Scientific classification
- Kingdom: Fungi
- Division: Ascomycota
- Class: Leotiomycetes
- Order: Helotiales
- Family: Ploettnerulaceae
- Genus: Cadophora
- Species: C. malorum
- Binomial name: Cadophora malorum (Kidd & Beaumont) W. Gams, (2000)
- Synonyms: Phialophora malorum (Kidd & Beaumont) McColloch, (1944) Sporotrichum carpogenum Ruehle, (1931) Sporotrichum malorum Kidd & Beaumont, (1924) Phialophora atra J.F.H.Beyma, Antonie van Leeuwenhoek (1942) Torula heteroderae Jacz., Bull. (1934) Phialophora heteroderae (J.F.H.Beyma) J.F.H.Beyma(1937) Cadophora heteroderae J.F.H.Beyma (1937)

= Cadophora malorum =

- Authority: (Kidd & Beaumont) W. Gams, (2000)
- Synonyms: Phialophora malorum (Kidd & Beaumont) McColloch, (1944), Sporotrichum carpogenum Ruehle, (1931), Sporotrichum malorum Kidd & Beaumont, (1924), Phialophora atra J.F.H.Beyma, Antonie van Leeuwenhoek (1942), Torula heteroderae Jacz., Bull. (1934), Phialophora heteroderae (J.F.H.Beyma) J.F.H.Beyma(1937), Cadophora heteroderae J.F.H.Beyma (1937)

Species of fungus

Cadophora malorum is a saprophytic plant pathogen that causes side rot in apple and pear and can also cause disease on asparagus and kiwifruit. C. malorum has been found parasitizing shrimp and other fungal species in the extreme environments of the Mid-Atlantic Ridge, and can be categorized as a halophilic psychrotrophic fungus and a marine fungus.

== Taxonomy ==
Cadophora malorum was first described as Sporotrichum malorum in 1924 by Mary Nest Kidd and Albert Beaumont, from a specimen collected on an apple tree in Britain, but in 2000 was transferred to the genus, Cadophora, by Walter Gams, a German mycologist. Extensive gene analysis has been done confirming the work of Walter Gams and categorizing C. malorum in the genus of Cadophora and distinguishing it from the previously named genus Phialophora.

== Description ==
C. malorum is classified as a part of the Ascomycota division, because of the presence of asci and ascospores in its sexual reproductive lifecycle. C. malorum also shares typical morphological qualities with the Leotiomycetes class, Helotiales order, and the Ploettnerulaceae family. The Capophora genus has also been shown to be classified as ectomycorrhizal fungi (ECM fungi) and as dark septate endophytes (DSE).

=== Pathogenicity ===
C. malorum has been observed to infect pears during the post-harvest stage. C. malorum does not however infect pears until after some decay has already occurred. The source of inoculum for C. malorum has been shown to be in the soil, where the spores can overwinter and survive all year round off of nutrients released into the soil from decaying fruit. C. malorum can infect wounded bark and cause cankers to form in the trunk of the infected tree. C. malorum also can cause dieback in the leaves and fruit through wilting, yellowing, and necrosis of the plant. This has been known to happen on sunflower plants and kiwi trees.

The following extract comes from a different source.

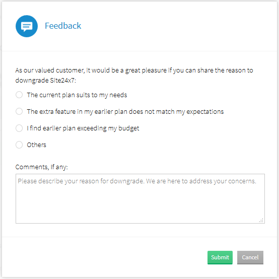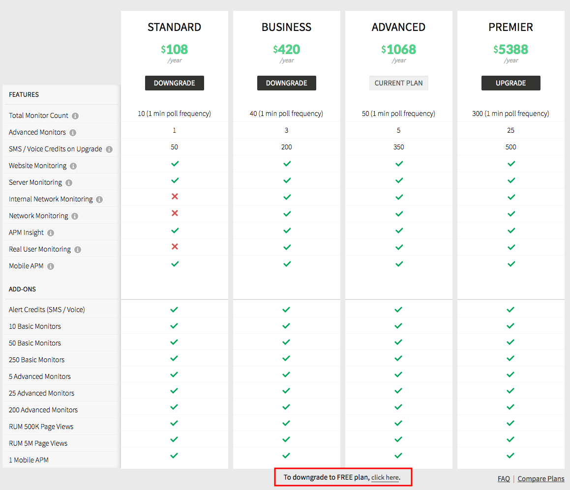 - Click the "downgrade to FREE plan" link given at the bottom of the Site24x7 subscription plan page.

Research has been conducted with isolation of C. malorum from shrimp and other fungal species, but research was not specific about how C. malorum infects organisms outside of the plantae kingdom. There is a lot of potential for further research in this area as it is rare for fungal species to be able to infect both plants and animals.

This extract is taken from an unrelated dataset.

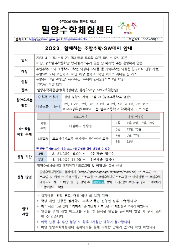 2023. 밀양수학체험센터 '함께하는 주말수학·SW데이' 운영 안내

== Geographical Distribution ==
C. malorum has been documented to be found parasitizing organisms all over the globe, showing up in research done in Slovenia, Russia, Chile, United States, Germany, Italy, along with various other countries. C. malorum has also been found in moderate to extreme environments such as the Mid-Atlantic Ridge and Antarctica.

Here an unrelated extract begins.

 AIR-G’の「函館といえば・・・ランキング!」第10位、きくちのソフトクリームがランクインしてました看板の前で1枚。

== Future research potential ==
Marine-derived fungi, like C. malorum, have been used to research biotechnological advances for a long time. Fungi have been used to create many modern products that are still used today, such as: dyes, flavors, fragrances, hallucinogens, poisons, and pesticides.

=== Medical ===
Marine fungi produce valuable secondary metabolites that can lead to innovations in potential drug-therapies. The secondary metabolites in C. malorum give an advantage for its own pathogenicity, but can also be used in developing beneficial pharmaceuticals, different food additives, and types of perfumes.

=== Biotechnological ===
C. malorum was discovered to possess these secondary metabolites along with genes encoding for carbohydrate-active enzymes, signifying that these genes have been adapted to extreme environments and thus have high biotechnological potential. C. malorum secondary metabolites can be used to develop various pesticides such as insecticides. Using living organisms as a pest control mechanism has been proven to be a useful, environmentally conscious, and sustainable method rather than the typical chemicals used.